■ Source material:
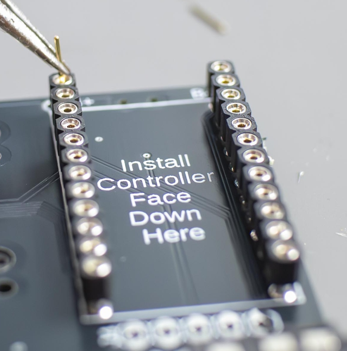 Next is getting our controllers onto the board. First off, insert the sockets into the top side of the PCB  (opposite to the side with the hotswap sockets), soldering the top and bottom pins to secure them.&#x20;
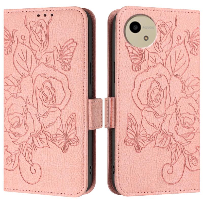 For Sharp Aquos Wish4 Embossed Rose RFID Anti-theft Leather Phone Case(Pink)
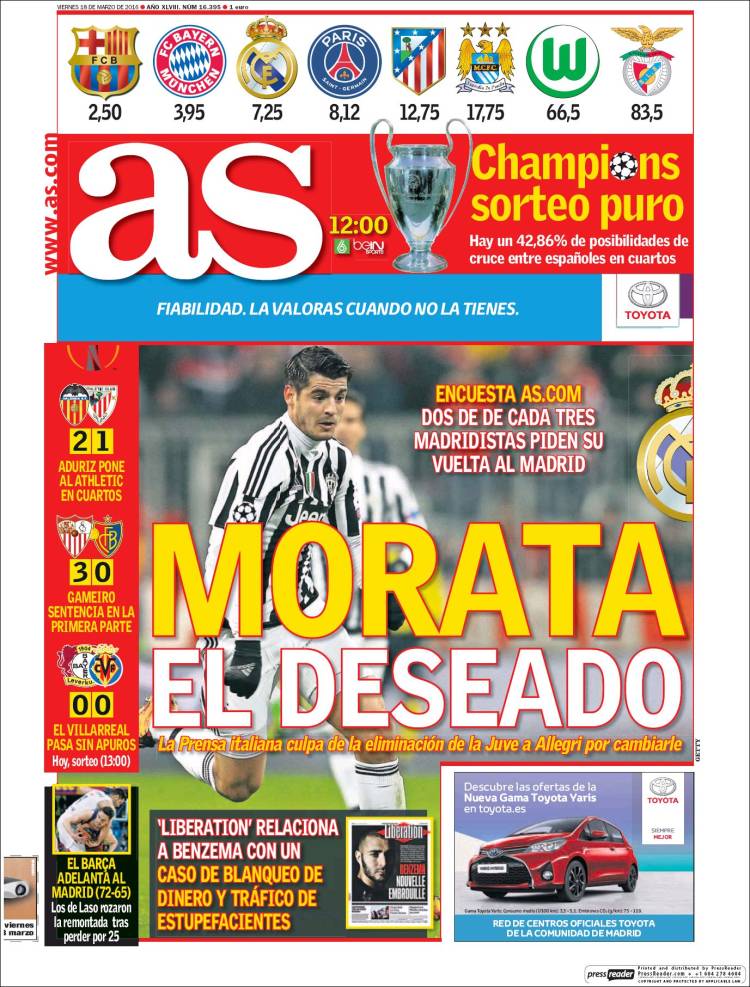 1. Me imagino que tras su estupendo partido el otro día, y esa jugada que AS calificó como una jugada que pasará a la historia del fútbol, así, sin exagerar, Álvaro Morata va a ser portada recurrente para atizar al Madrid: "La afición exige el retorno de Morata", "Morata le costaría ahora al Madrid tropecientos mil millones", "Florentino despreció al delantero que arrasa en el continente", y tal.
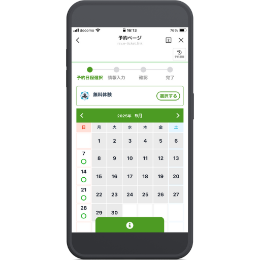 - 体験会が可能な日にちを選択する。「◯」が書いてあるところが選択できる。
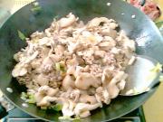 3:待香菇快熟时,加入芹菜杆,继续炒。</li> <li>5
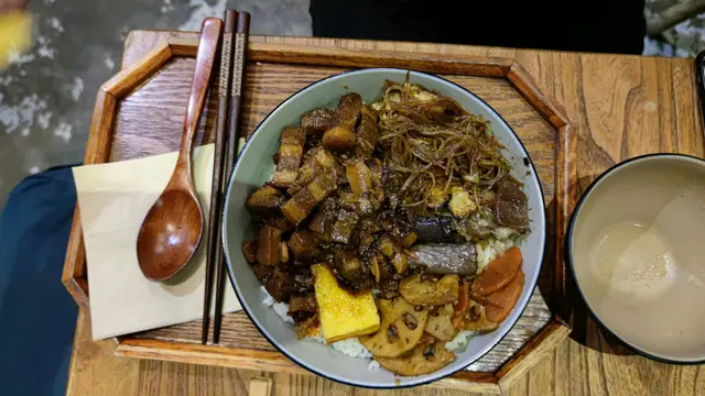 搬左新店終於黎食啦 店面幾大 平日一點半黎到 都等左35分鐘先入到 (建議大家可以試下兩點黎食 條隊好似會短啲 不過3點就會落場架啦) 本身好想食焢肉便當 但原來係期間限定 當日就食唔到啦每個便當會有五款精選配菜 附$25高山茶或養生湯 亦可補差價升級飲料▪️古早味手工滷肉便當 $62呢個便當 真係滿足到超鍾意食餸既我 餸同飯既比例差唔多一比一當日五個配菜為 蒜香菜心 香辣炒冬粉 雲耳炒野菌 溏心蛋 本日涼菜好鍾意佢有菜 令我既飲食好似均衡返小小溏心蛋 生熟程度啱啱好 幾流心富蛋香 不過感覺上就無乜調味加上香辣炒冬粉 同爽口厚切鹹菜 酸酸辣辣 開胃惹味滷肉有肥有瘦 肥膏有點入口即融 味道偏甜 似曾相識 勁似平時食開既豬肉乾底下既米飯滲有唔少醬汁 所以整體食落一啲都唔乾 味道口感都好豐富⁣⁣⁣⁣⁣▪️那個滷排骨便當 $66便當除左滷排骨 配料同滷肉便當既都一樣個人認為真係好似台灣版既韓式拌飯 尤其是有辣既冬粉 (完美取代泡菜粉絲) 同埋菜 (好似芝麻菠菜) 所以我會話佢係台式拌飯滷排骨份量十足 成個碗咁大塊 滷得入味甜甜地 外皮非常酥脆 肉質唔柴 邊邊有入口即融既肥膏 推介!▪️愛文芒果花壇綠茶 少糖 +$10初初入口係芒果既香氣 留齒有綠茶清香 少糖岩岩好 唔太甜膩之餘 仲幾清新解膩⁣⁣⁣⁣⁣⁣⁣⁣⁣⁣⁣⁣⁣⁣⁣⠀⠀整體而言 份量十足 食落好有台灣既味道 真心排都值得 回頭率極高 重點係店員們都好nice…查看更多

■ What is required:
Your reply is to be an exact repeat of the listing above from the line holding "1. Me imagino" down to the line holding "3:待香菇快熟时,加入芹菜杆,继续炒。</li> <li>5", ends included, pictures excluded.

■ Task output:
 1. Me imagino que tras su estupendo partido el otro día, y esa jugada que AS calificó como una jugada que pasará a la historia del fútbol, así, sin exagerar, Álvaro Morata va a ser portada recurrente para atizar al Madrid: "La afición exige el retorno de Morata", "Morata le costaría ahora al Madrid tropecientos mil millones", "Florentino despreció al delantero que arrasa en el continente", y tal.
 - 体験会が可能な日にちを選択する。「◯」が書いてあるところが選択できる。
 3:待香菇快熟时,加入芹菜杆,继续炒。</li> <li>5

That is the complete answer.